OLYMPIA, WA — The Washington State Department of Health expects a federal shipment of nearly 150,000 rapid coronavirus testing kits will arrive within five to 10 days, officials announced late Wednesday. By November, the state anticipates it will have received 2.3 million kits.

Right now, the Abbott BinaxNOW antigen tests are approved only for people exhibiting symptoms, but the state may later extend their use to include anyone who is exposed to a confirmed case. According to DOH, the tests are typically less accurate than standard molecular tests, and their effectiveness for people without symptoms has not undergone rigorous study. Interpreting the results can also be complex.

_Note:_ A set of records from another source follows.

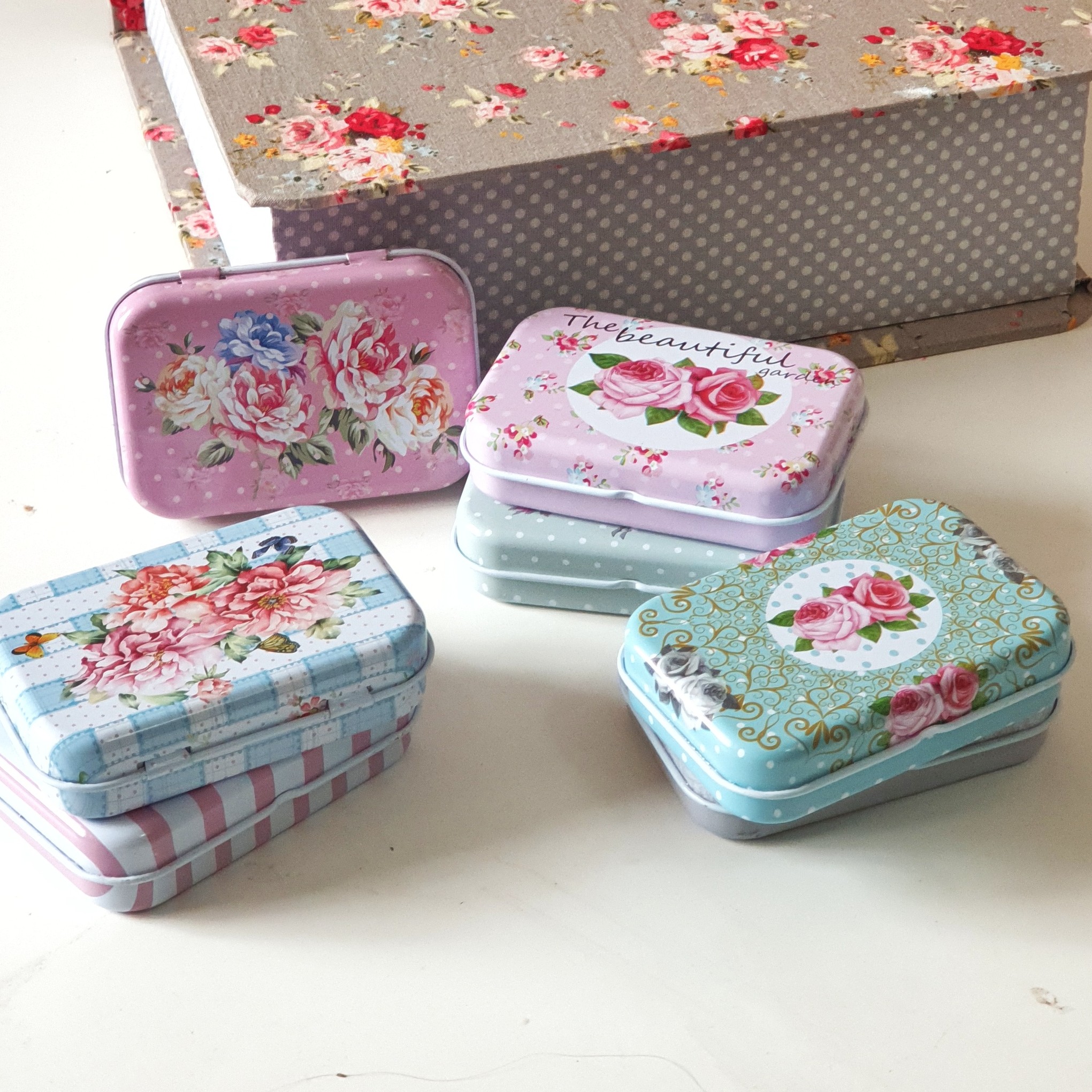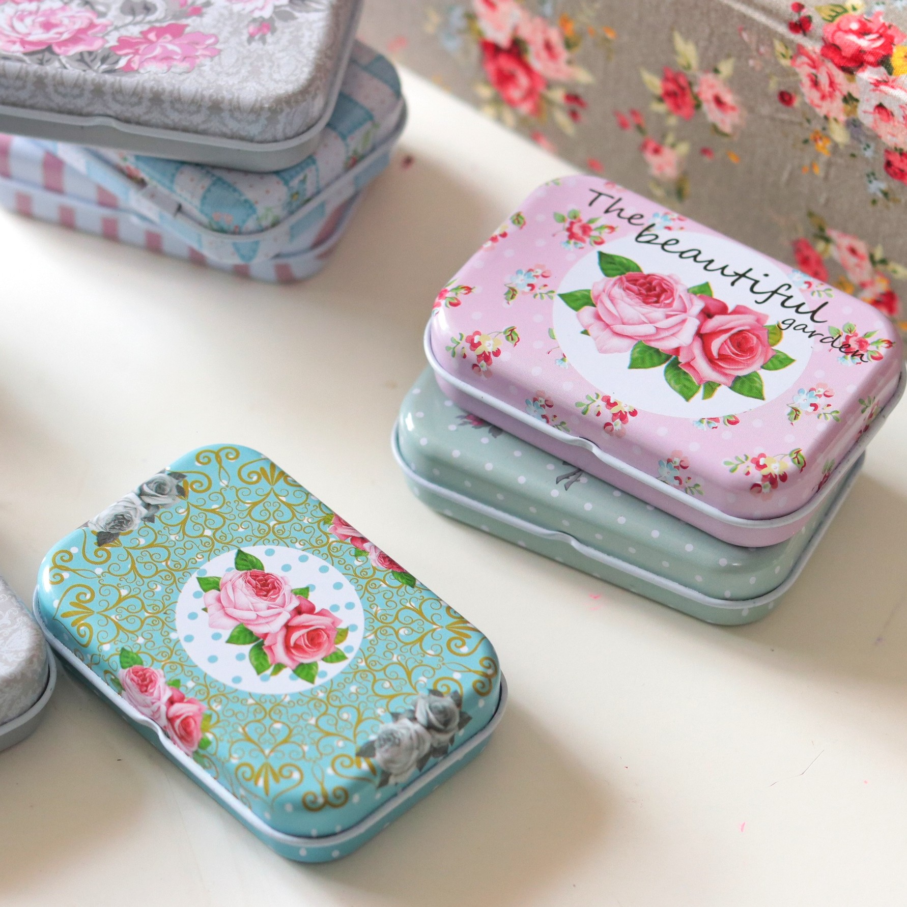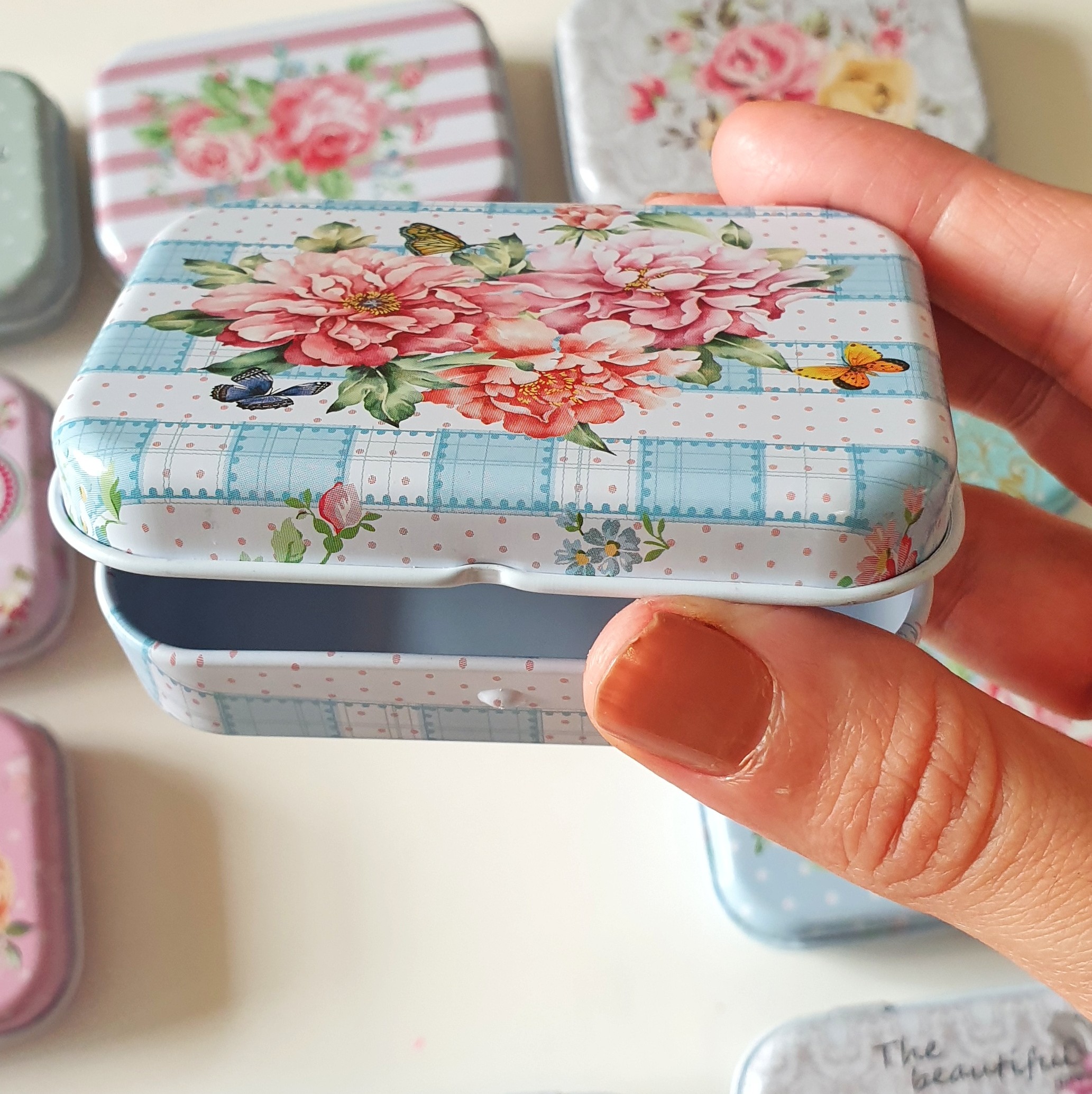 قوطی فلزی گلگلی درب لولایی ابعاد ۷/۵ در ۴/۵ در ۲/۵ مناسب قرص،آدامس،بذر گیاهان،پونز و سوزن و.... جذاب و باکیفیت
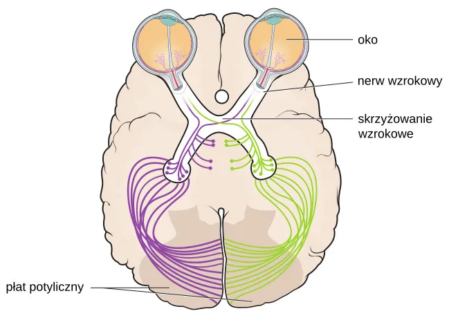 Nerwy wzrokowe wychodzące z każdego oka krzyżują się tuż poniżej tkanki mózgowej w punkcie zwanym skrzyżowaniem wzrokowym (ang. optic chiasm). Jak przedstawia Ilustracja 5.13, skrzyżowanie wzrokowe to struktura w kształcie litery X, która znajduje się tuż poniżej kory mózgowej w przedniej części mózgu. W punkcie skrzyżowania wzrokowego informacje z prawego pola widzenia (które pochodzą z obojga oczu) są przesyłane do lewej strony mózgu, a informacje z lewego pola widzenia są przesyłane do prawej części mózgu.
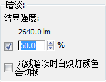 “暗淡”组中,将“结果强度”设置为 50 %(百分比)。
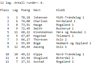 Spiller en flere kvelder med samme makker er det ikke første spillekveld som teller i sammendraget, men den kvelden med best oppnådde resultat.

According to the Abbott website, the test involves taking a nasal swab and inserting it into a test card. Within minutes, results are available and can be stored on an optional app, which generates a new QR code for each test result.

Health officials plan to deploy the first batch to community health centers, tribal clinics and hospitals. Plans for where to distribute future shipments are still in progress.

“The first distribution of 149,000 kits, along with the benefit of rapid results, will increase access to diagnostic testing for Washingtonians, and particularly priority populations,” the Department of Health wrote. “That will help individuals with symptoms get quicker results and assist all of us in tracking the virus and stopping additional transmission and illness.”

The public will be able to view antigen test results via a weekly report from the Department of Health, tracked separately from PCR tests and antibody tests.

“The goal in publicly reporting antigen test results is to increase transparency not just into our process, but into COVID-19 activity statewide,” said Lacy Fehrenbach, deputy secretary of health. “People across the state need a line of sight into these results as these tests become more popular and accessible, so we can understand emerging trends.”